__Data provided__.
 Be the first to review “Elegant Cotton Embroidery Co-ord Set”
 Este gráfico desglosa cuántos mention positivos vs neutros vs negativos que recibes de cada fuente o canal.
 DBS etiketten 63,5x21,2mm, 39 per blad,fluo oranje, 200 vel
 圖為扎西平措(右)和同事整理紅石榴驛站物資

* * *

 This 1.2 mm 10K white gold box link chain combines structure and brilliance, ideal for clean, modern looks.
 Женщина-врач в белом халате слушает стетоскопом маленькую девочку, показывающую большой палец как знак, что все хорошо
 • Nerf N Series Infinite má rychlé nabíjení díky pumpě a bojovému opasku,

__What you need to do__. Please return the lines above that run from the line containing "Este gráfico desglosa" to the line containing "圖為扎西平措(右)和同事整理紅石榴驛站物資", inclusive, exactly and with no other lines.

__Response for this exercise__.
 Este gráfico desglosa cuántos mention positivos vs neutros vs negativos que recibes de cada fuente o canal.
 DBS etiketten 63,5x21,2mm, 39 per blad,fluo oranje, 200 vel
 圖為扎西平措(右)和同事整理紅石榴驛站物資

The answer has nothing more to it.